- [Work instruction]
Copy out the data exactly as it appears, without a single image.

- [Information shown]
......
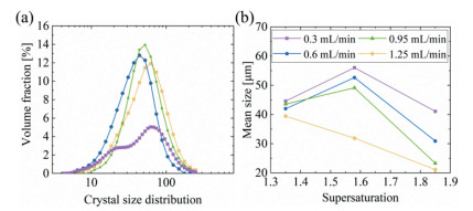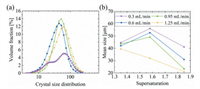 | Fig. 6. The effect of gas flow rate on continuous crystallization. (a) Effect of different gas flow rates on crystal size distribution. (b) Effect of gas flow rate on crystal mean size at initial supersaturation of 1.35 mL/min, 1.58 mL/min, 1.85 mL/min. | |
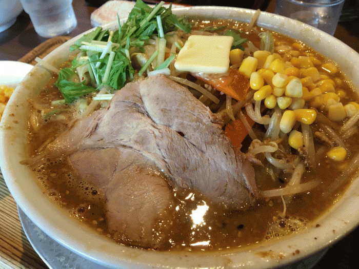 トッピングはバターを選択。たっぷりの野菜の下にはコシのある太麺が。中盛り無料なのも嬉しかったです。ボリュームに大変満足できる、おすすめのラーメンです。
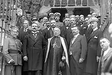 In 1917 Morte was among co-authors of the motion which produced formal and official dedication of Diputación Foral to the Sacred Heart of Jesus;[64] as the period was marked by growing secularism and anti-religious violence, the act stood out as a demonstration or religious conservatism prevailing in Navarre. The same year Morte initiated the motion[65] which eventually produced the call for a so-called reintegración foral, addressed to the central Madrid government.[66] The self-government demanded that traditional historical legal establishments, abolished in course of the 19th century as part of the homogenization process, be restored. Today this motion is viewed by some scholars as a step towards revindication of traditional Basque rights,[67] embodied in separate provincial regulations.[68]
......
- [Task output]
 | Fig. 6. The effect of gas flow rate on continuous crystallization. (a) Effect of different gas flow rates on crystal size distribution. (b) Effect of gas flow rate on crystal mean size at initial supersaturation of 1.35 mL/min, 1.58 mL/min, 1.85 mL/min. | |
 トッピングはバターを選択。たっぷりの野菜の下にはコシのある太麺が。中盛り無料なのも嬉しかったです。ボリュームに大変満足できる、おすすめのラーメンです。
 In 1917 Morte was among co-authors of the motion which produced formal and official dedication of Diputación Foral to the Sacred Heart of Jesus;[64] as the period was marked by growing secularism and anti-religious violence, the act stood out as a demonstration or religious conservatism prevailing in Navarre. The same year Morte initiated the motion[65] which eventually produced the call for a so-called reintegración foral, addressed to the central Madrid government.[66] The self-government demanded that traditional historical legal establishments, abolished in course of the 19th century as part of the homogenization process, be restored. Today this motion is viewed by some scholars as a step towards revindication of traditional Basque rights,[67] embodied in separate provincial regulations.[68]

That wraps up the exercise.